Martha loses her temper. ‘Did you really think you could carry on like that – you never wanted friends or lovers – you wanted courtiers! What you have on your hands is a peasants’ revolt. Frankie,’ she says, ‘we’re going for a walk.’

Will stands in the All Saints pulpit and looks out at his flock and finds himself lost for words. They are by turns mistrustful and eager: at times it seems they’re ready to run pell-mell into the everlasting arms, at others they eye him askance as if the Trouble has all been his doing. Someone somewhere has transgressed, that is the general consensus; and if the parson can’t be trusted to root out the wrongdoer things have come to a pretty pass.

All the while he finds himself wavering like a compass needle between the South Pole and the North: his wife whom he loves and is the sanctioned source of all his joys; and Cora Seaborne, who is not, and what’s more brought him nothing but trouble.

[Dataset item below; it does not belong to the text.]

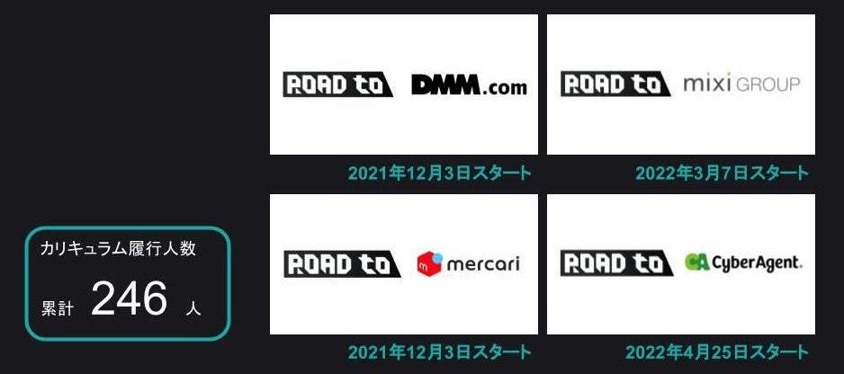 第1弾として、42 Tokyo の本カリキュラムに賛同いただいた、合同会社DMM .com、株式会社サイバーエージェント、株式会社ミクシィ、株式会社メルカリが、「Road to」カリキュラムに参画。このカリキュラムは246人が履行しています。

News of Luke’s catastrophe has reached him via Charles. Other clergy might’ve imagined this swift end to the surgeon’s career to have been as divinely intended as if it had been the almighty hand wielding the knife, since it delivers Stella from the threat of the scalpel. Will, of course, is not so backward in his thinking, but all the same it’s difficult not to feel they’ve been extended a period of grace: the brutal treatment once offered by Garrett – the diseased lung collapsed in its cavity – is now impossible, since no other surgeon in England would consent to it.

Without Cora, he finds his thoughts lack direction. What, after all, is the point of observing this, of encountering that, if he cannot tell her, and watch her laugh or frown in response? He finds himself restless, uneasy; often he grows exasperated with them both, for having permitted only a lapse in good manners (this is how he frames it to himself) to cut the knot between them. Perhaps she finds herself too enraptured by her wounded friend to recall the country parson with his ailing wife – brings him rich food he ought not to eat, learns to dress the cut, to tug silk stitches from the skin. He clothes her in white and seats her at the doctor’s feet, her head bent over his ruined hand, and is appalled to find himself envious. All the same (he thinks): soon enough a letter will pass either this way or that between town and country – it only remains to be seen who’ll be first to unfold a sheet of paper, to lick the nib of their pen.

Behind Stella Ransome’s ribs, tubercles are forming. If Cora could’ve seen them, they’d have put her in mind of the toadstones she collects on her mantelpiece. They send out scavenger cells; infection’s setting in. The blood vessels of her lungs are beginning to disintegrate and show themselves in scarlet flecks on her blue handkerchiefs.